---------- RECORDS SHOWN ----------
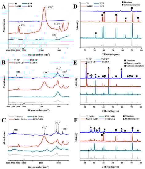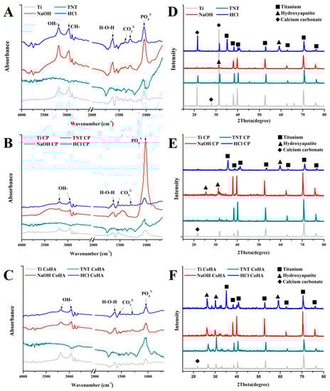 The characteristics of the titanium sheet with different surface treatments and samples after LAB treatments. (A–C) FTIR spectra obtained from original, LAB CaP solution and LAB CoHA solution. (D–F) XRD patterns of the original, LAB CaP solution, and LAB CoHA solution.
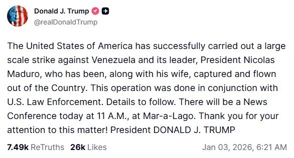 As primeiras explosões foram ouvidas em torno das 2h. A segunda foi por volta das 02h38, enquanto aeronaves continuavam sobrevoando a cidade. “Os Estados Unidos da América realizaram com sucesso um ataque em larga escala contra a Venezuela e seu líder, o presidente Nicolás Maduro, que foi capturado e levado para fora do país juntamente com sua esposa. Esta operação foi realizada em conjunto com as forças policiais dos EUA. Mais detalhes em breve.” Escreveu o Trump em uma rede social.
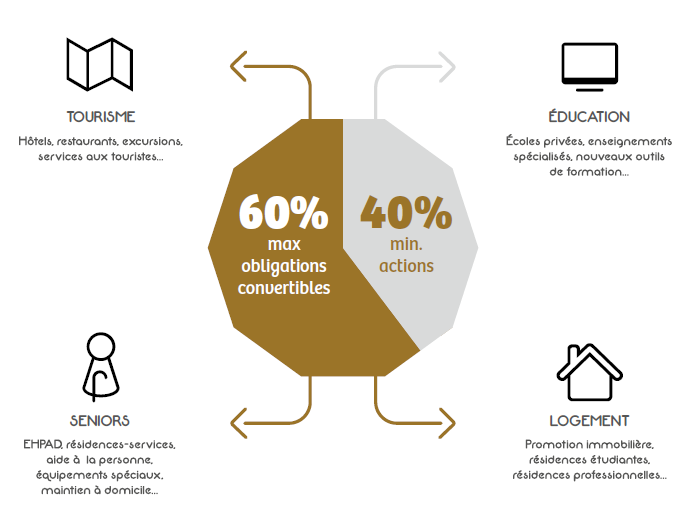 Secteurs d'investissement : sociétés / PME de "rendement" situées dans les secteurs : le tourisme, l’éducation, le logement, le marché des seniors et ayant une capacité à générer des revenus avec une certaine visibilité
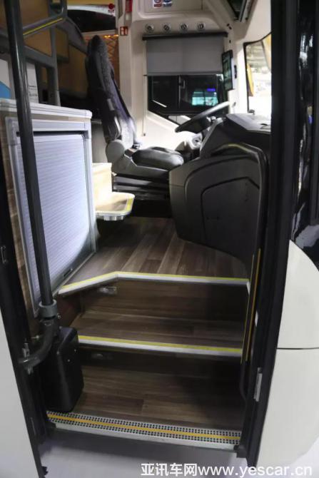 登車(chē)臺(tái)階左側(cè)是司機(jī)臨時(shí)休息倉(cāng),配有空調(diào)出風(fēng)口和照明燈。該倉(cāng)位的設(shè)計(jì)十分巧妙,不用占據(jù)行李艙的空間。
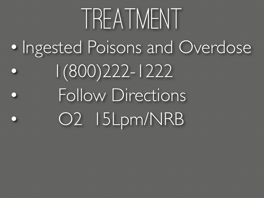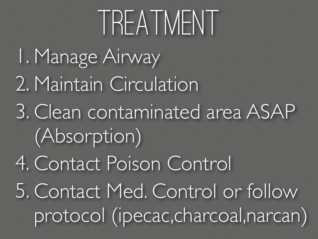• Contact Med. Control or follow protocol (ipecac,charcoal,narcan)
----------
---------- RECORDS SHOWN ----------
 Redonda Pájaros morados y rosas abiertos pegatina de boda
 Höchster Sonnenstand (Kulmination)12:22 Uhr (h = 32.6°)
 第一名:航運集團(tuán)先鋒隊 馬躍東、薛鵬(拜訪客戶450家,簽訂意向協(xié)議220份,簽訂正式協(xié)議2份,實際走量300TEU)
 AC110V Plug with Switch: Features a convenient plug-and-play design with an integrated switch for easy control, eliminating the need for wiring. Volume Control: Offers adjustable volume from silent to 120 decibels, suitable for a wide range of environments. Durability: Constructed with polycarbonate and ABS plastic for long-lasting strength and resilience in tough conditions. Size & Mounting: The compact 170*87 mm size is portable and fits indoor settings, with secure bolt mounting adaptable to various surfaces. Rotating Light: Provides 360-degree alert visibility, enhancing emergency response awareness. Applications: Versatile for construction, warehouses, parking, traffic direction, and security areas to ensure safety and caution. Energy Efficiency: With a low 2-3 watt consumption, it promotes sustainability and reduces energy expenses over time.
----------
---------- RECORDS SHOWN ----------
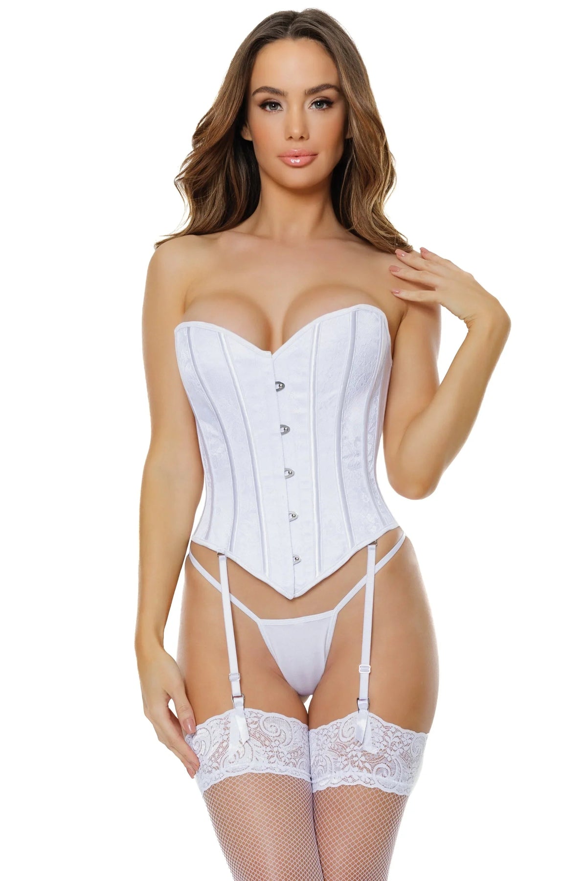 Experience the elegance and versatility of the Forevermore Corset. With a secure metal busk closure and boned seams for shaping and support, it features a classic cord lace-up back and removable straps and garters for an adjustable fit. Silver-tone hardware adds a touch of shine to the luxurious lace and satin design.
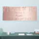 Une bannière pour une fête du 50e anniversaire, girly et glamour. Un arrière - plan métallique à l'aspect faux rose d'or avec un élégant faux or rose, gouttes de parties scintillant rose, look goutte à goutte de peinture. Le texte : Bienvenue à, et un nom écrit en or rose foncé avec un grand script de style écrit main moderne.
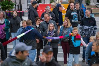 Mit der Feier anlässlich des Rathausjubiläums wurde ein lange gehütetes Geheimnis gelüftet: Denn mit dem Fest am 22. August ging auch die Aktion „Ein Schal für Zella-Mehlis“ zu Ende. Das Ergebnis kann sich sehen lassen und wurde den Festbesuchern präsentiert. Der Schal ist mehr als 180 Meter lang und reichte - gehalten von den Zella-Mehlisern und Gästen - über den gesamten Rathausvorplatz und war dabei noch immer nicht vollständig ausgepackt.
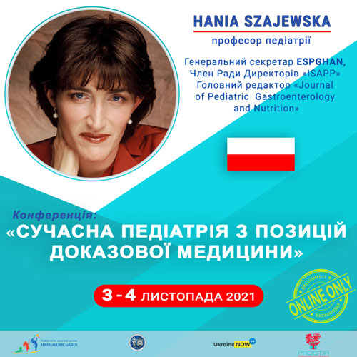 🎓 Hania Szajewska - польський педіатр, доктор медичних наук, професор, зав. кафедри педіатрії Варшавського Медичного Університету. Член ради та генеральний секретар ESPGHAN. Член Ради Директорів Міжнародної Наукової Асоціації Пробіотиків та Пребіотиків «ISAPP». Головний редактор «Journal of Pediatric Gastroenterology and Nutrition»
----------
■ **INSTRUCTIONS TO FOLLOW**
Reproduce the data above exactly, but only from the line containing "Secteurs d'investissement : sociétés" through the line containing "follow protocol (ipecac,charcoal,narcan)"; skip the pictures.

■ **EXERCISE RESPONSE**
 Secteurs d'investissement : sociétés / PME de "rendement" situées dans les secteurs : le tourisme, l’éducation, le logement, le marché des seniors et ayant une capacité à générer des revenus avec une certaine visibilité
 登車(chē)臺(tái)階左側(cè)是司機(jī)臨時(shí)休息倉(cāng),配有空調(diào)出風(fēng)口和照明燈。該倉(cāng)位的設(shè)計(jì)十分巧妙,不用占據(jù)行李艙的空間。
• Contact Med. Control or follow protocol (ipecac,charcoal,narcan)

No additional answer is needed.